Restate word for word the opening line of the data below and every line after it until the line with "Акриловая ванна Royal", that line too, but not the pictures.

════════════════

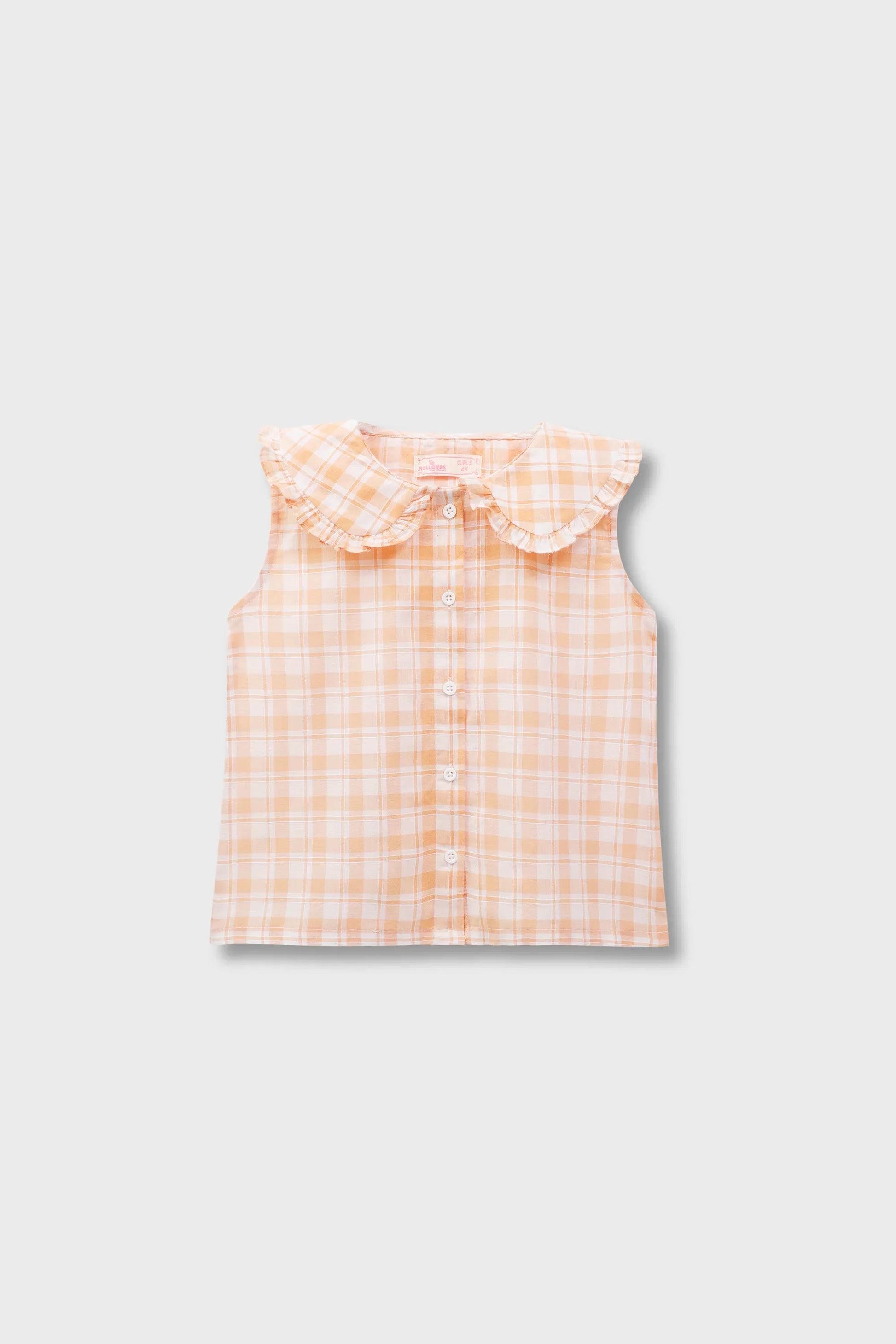 Featuring a refined orange plaid pattern, this cotton top is designed for effortless comfort and style. The frilled collar enhances its playful appeal, while the sleeveless cut allows freedom of movement. Ideal for casual wear, it pairs easily with skirts, shorts, or jeans.
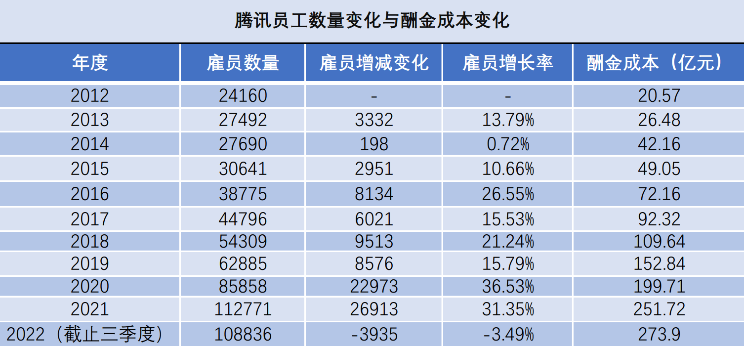 据搜狐科技统计,近五年来腾讯从未削减过员工的整体数量,2012年至2021年,腾讯员工数均保持增长,2021年员工较2020年增长近2.7万人,增长率达31%。
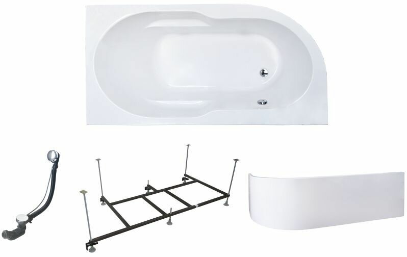 Акриловая ванна Royal Bath AZUR 160X80X60 левосторонняя комплект (ванна, каркас, панель, слив-перелив)
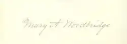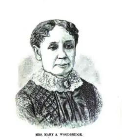 Mary Brayton Woodbridge (April 21, 1830 – October 25, 1894) was an American temperance reformer and editor. She was the first president of the local temperance union of her home town at Ravenna; then for years, president of her state, Ohio; and in 1878, she was chosen recording secretary of the National Woman's Christian Temperance Union (WCTU). Upon the resignation of Judith Ellen Foster at the National WCTU convention in St. Louis, in October, 1884, Woodbridge was unanimously chosen national superintendent of the department of legislation and petitions. In addition to this public effort, and official duties, Woodbridge edited on a weekly basis several columns of the Commonwealth, a temperance paper.[1] She also edited the Amendment Herald, which, under her leadership, attained a weekly circulation of 100,000 copies.[2]
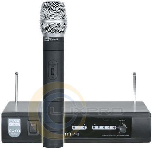 DAP Audio COM-41 UHF - недорогая радиосистема с ручным динамическим микрофоном. Работает на фиксированной радиочастоте, не имеет расширенного меню и настроек. Надёжная и очень простая в использовании. Микрофон оснащён индикатором заряда батарей. Оптимальное предложение для школ, сельских ДК, бюджетных дискотек, для проведения развлекательных и рекламных мероприятий и др.
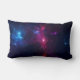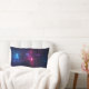 Ein Lumbalkissen mit einem blauen, rosa und schwarzen Fantasiebild kosmischer Räume mit Sternen und kluger Nebel.
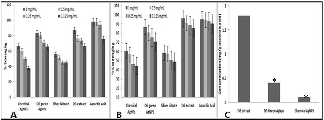 Various studies have shown that nanoparticles like fullerenes, carbon nanotubes, emission particles etc., can trigger free radical formation [32]. These radicals can directly develop on the surface of the particles. Assumingly, metal oxide nanoparticles can act as catalyst in the generation of reactive oxygen species. In the present study we used DPPH radical and superoxide radical to assess the scavenging potential of AgNPs (fig. 4A and B). Both DPPH and superoxide radical generated by in vitro method was effectively scavenged by AgNPs prepared by DG aqueous root extract as compared to chemically synthesized route. This difference in their biological activity may be attributed to some special functional groups (identified by FTIR) associated with AgNPs developed by green route. DG root extract is well known for its antioxidant potential and its phytocompounds not only can act as reducing agent for the synthesis of the particles but also act as a stabilizing agent and augment the physical properties suitable for biological applications.
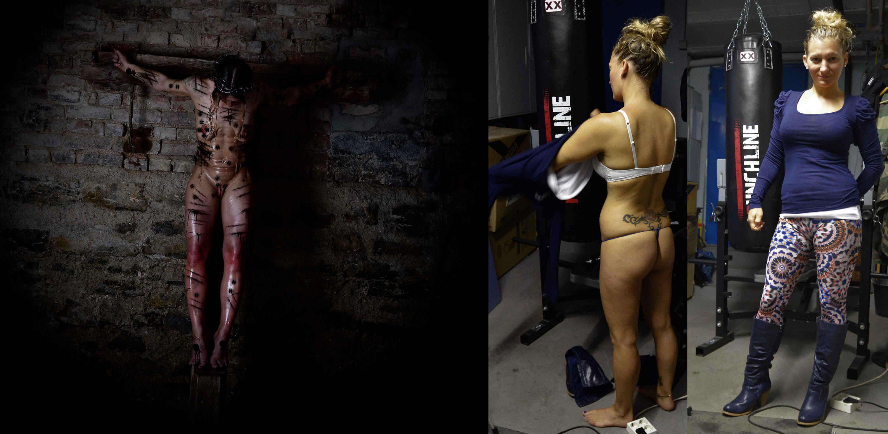 We stand and watch as the skewer slowly tears through her breast tips, and she falls screaming to the floor. But the bloody skewer is pushed through her breasts again, but closer to her chest. She howls in agony as she's hauled up a second time by her pierced tits. It will take much longer and frenzied struggles from the hot irons to make them tear through again. :twisted:

════════════════

Response box:
 Featuring a refined orange plaid pattern, this cotton top is designed for effortless comfort and style. The frilled collar enhances its playful appeal, while the sleeveless cut allows freedom of movement. Ideal for casual wear, it pairs easily with skirts, shorts, or jeans.
 据搜狐科技统计,近五年来腾讯从未削减过员工的整体数量,2012年至2021年,腾讯员工数均保持增长,2021年员工较2020年增长近2.7万人,增长率达31%。
 Акриловая ванна Royal Bath AZUR 160X80X60 левосторонняя комплект (ванна, каркас, панель, слив-перелив)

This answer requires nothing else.